Real estate disputes

Why do I need a lawyer?

Disputes can sometimes arise between buyers and sellers, co-owners, neighbors, and other parties involved in real estate transactions or who have an interest in real estate. Some disputes are easy to resolve, while others may look simple but turn out to be more complicated.


Below are three common types of real estate disputes that can lead to court action.


When a parcel of real estate has two or more owners who cannot agree on an important aspect about the parcel (such as whether to lease it out, sell it, develop it, etc.), one of the owners can ask a court to divide the parcel or to sell the parcel and distribute the proceeds to the owners. Division may be appropriate when the parcel is just empty land. But structures (such as houses, apartments, warehouses, and the like) are not usually divisible.


When division is impracticable, selling the parcel and dividing the proceeds may be appropriate. There are times, however, when selling is not appropriate. And even if a parcel is sold, when should it be sold, how should it be sold, and how much should each owner receive from the proceeds? These are just some of the issues relevant to a partition with which an attorney can assist.

Disclosure disputes

Sellers of real estate have certain obligations to share known information with purchasers of real estate.

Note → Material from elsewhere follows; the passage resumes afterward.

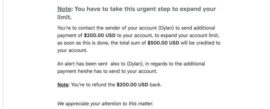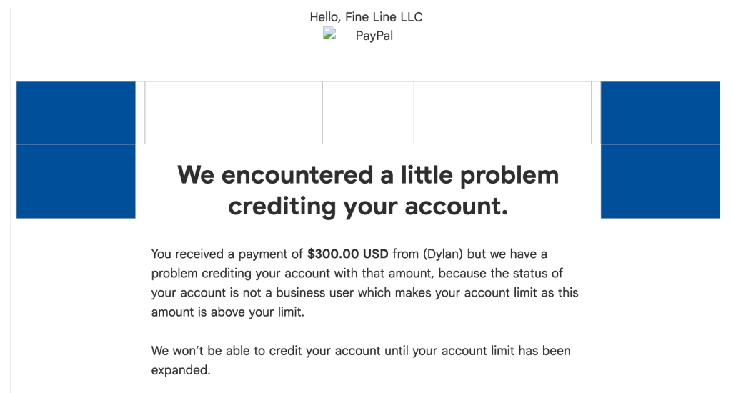 As you can see, this fraudulent email is telling me to “refund” money to this guy. The dead image links were probably meant for me to click on them to download photos. The whole thing is a scam. I already have a business account and I’ve done plenty of business with it, over $300.
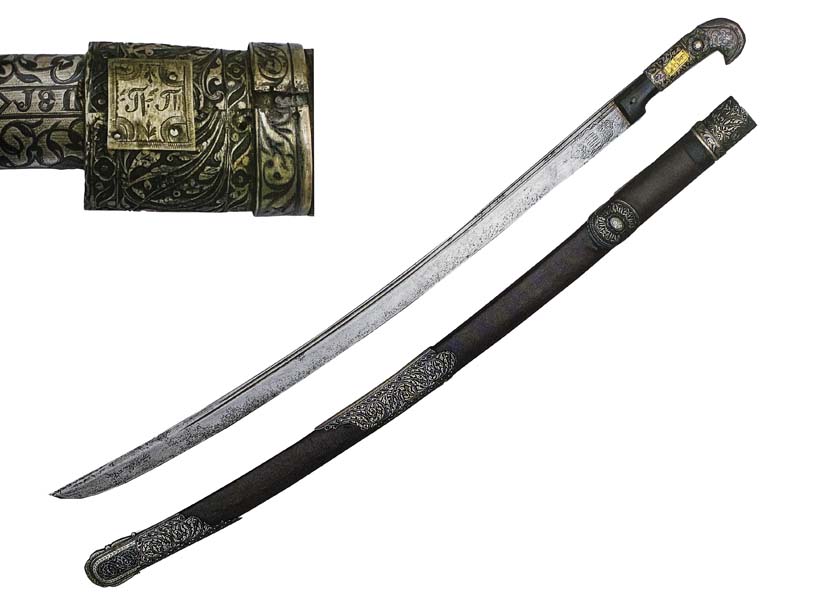 Клинок с двумя долами. С обеих сторон клинок украшен восточными надписями. С левой стороны клинка нанесена надпись: «1912 г. М.А. Татаровъ». Рукоять роговая. Головка рукояти покрыта белым металлом, украшенным чернью. Металлический прибор ножен украшен чернью.

And purchasers of real estate also have certain obligations to investigate aspects that are important to them. Buyers and sellers typically have real estate professionals assisting them with the transaction, which should increase the probability that the transaction proceeds smoothly. Nonetheless, disputes can arise between buyers and sellers regarding information that may or may not have been disclosed as part of the transaction. Special situations can also arise when a buyer or seller represents themselves in the transaction, when the seller has not occupied the real estate in question, or when the issues in question predated the seller’s tenancy of the premises. Whether you are the buyer and believe certain information was not disclosed to you, or whether you are the seller of property whose buyer believes certain information was not disclosed, disclosure disputes can be costly. An attorney can help you assess the situation and advise you on a course of action.

Title disputes

The word “title” is shorthand for the bundle of rights which an owner of real estate has. One right is to occupy or possess the land in question. Another is to control what happens on the land. Yet another is to exclude non-owners from the land. And yet another to include non-owners by giving them the right to visit or to temporarily occupy the land (commonly known as a “lease”). Additional rights exist, and most if not all of these rights can be temporarily or permanently conveyed to others, so long as such conveyance is properly performed.


Although “title” rights may sound absolute, sometimes they are not. In other words, sometimes restrictions exist that limit the rights of a landowner. For example, easements are limitations on an owner’s use of their land for the benefit of others: such as an access road for a neighbor, railroad tracks for a railroad across your land, subsurface sewer lines underneath your land to connect another neighbor’s parcel to the main sewer line, and so on. Other examples are covenants, conditions, and restrictions on parcels of land located in planned communities. These are typically called “CC&Rs,” and usually come into play in disputes with homeowner associations (i.e., HOAs). Other situations may cause issues with or limitations to one or more rights of a titleholder, including liens, negative servitudes, and other encumbrances.


Title disputes can take many shapes and sizes, and can often become complicated. Sometimes title issues are not discovered until you try to refinance your property or sell it, in which case time is not on your side. Rather than losing time trying to solve the problem on your own, it’s a good idea to have an attorney assist you.